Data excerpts
◇ ◇ ◇ ◇

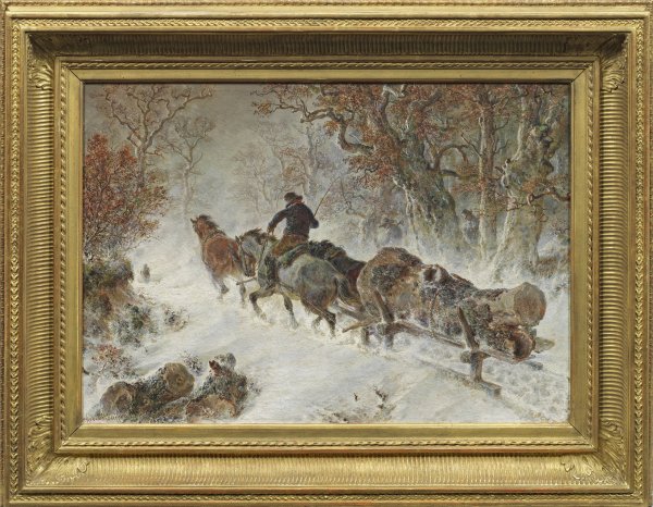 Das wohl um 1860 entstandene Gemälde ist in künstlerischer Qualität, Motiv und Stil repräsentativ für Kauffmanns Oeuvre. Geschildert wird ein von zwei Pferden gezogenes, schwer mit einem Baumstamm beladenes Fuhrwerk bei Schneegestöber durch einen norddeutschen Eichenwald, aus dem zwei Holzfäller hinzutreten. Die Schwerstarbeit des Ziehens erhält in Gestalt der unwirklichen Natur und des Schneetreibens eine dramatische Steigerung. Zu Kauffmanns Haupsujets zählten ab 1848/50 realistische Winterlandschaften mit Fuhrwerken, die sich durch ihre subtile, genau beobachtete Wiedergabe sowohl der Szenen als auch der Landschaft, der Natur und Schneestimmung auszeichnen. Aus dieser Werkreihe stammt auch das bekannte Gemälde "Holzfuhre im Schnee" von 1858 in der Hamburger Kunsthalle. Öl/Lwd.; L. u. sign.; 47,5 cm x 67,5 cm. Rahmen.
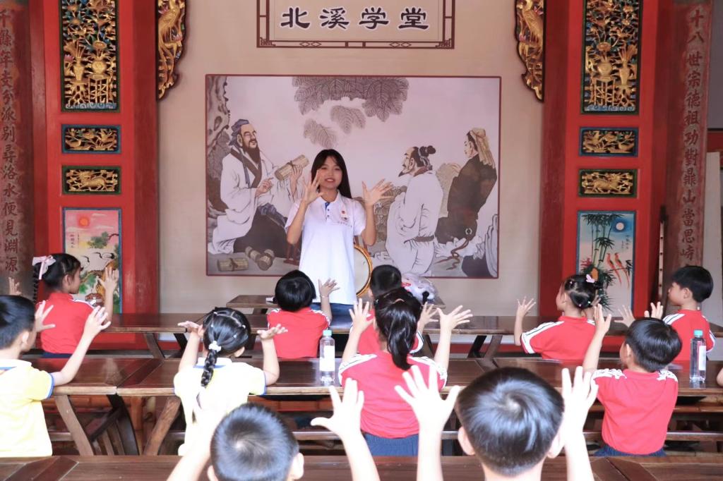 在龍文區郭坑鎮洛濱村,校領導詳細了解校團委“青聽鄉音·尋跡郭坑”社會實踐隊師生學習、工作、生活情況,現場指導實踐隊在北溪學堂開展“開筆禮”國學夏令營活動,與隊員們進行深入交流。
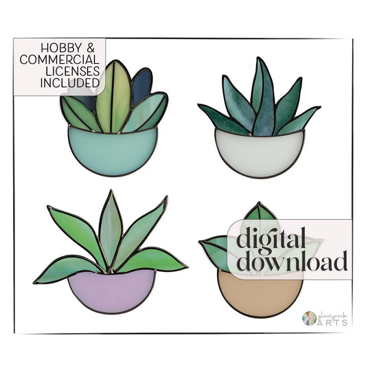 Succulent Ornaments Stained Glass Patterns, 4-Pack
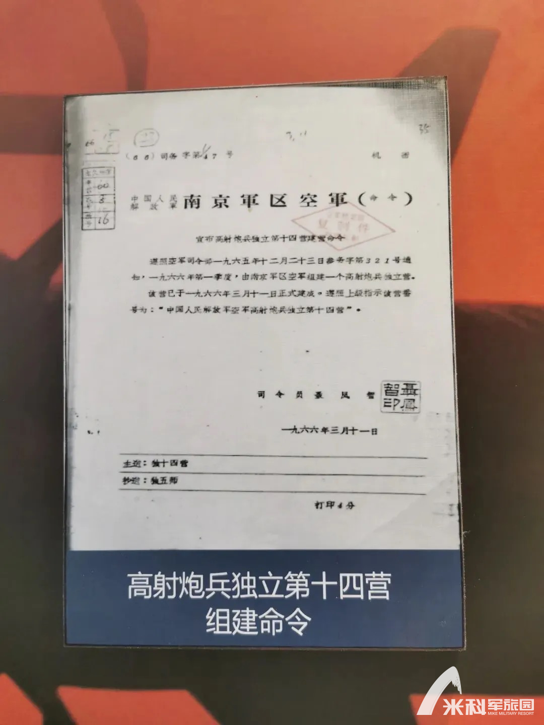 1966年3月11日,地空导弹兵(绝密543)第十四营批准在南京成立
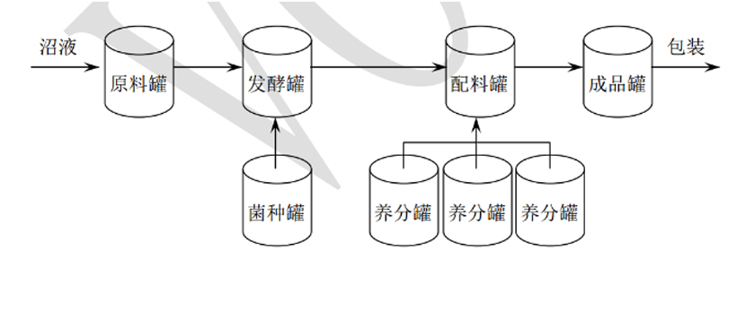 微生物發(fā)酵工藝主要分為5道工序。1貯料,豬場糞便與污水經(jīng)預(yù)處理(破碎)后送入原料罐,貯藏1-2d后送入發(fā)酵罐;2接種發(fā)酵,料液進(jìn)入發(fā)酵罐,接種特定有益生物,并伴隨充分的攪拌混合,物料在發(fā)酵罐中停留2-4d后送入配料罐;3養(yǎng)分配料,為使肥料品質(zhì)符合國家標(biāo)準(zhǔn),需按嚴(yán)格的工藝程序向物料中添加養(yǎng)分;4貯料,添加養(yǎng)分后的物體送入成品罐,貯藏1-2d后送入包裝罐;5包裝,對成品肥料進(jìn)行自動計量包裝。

◇ ◇ ◇ ◇

▸ **How to complete this task**
Transcribe exactly the lines running from the line with "1966年3月11日,地空导弹兵(绝密543)第十四营批准在南京成立" to the last line of the entries. Pictures stay out of the copy.

▸ **Final answer**
 1966年3月11日,地空导弹兵(绝密543)第十四营批准在南京成立
 微生物發(fā)酵工藝主要分為5道工序。1貯料,豬場糞便與污水經(jīng)預(yù)處理(破碎)后送入原料罐,貯藏1-2d后送入發(fā)酵罐;2接種發(fā)酵,料液進(jìn)入發(fā)酵罐,接種特定有益生物,并伴隨充分的攪拌混合,物料在發(fā)酵罐中停留2-4d后送入配料罐;3養(yǎng)分配料,為使肥料品質(zhì)符合國家標(biāo)準(zhǔn),需按嚴(yán)格的工藝程序向物料中添加養(yǎng)分;4貯料,添加養(yǎng)分后的物體送入成品罐,貯藏1-2d后送入包裝罐;5包裝,對成品肥料進(jìn)行自動計量包裝。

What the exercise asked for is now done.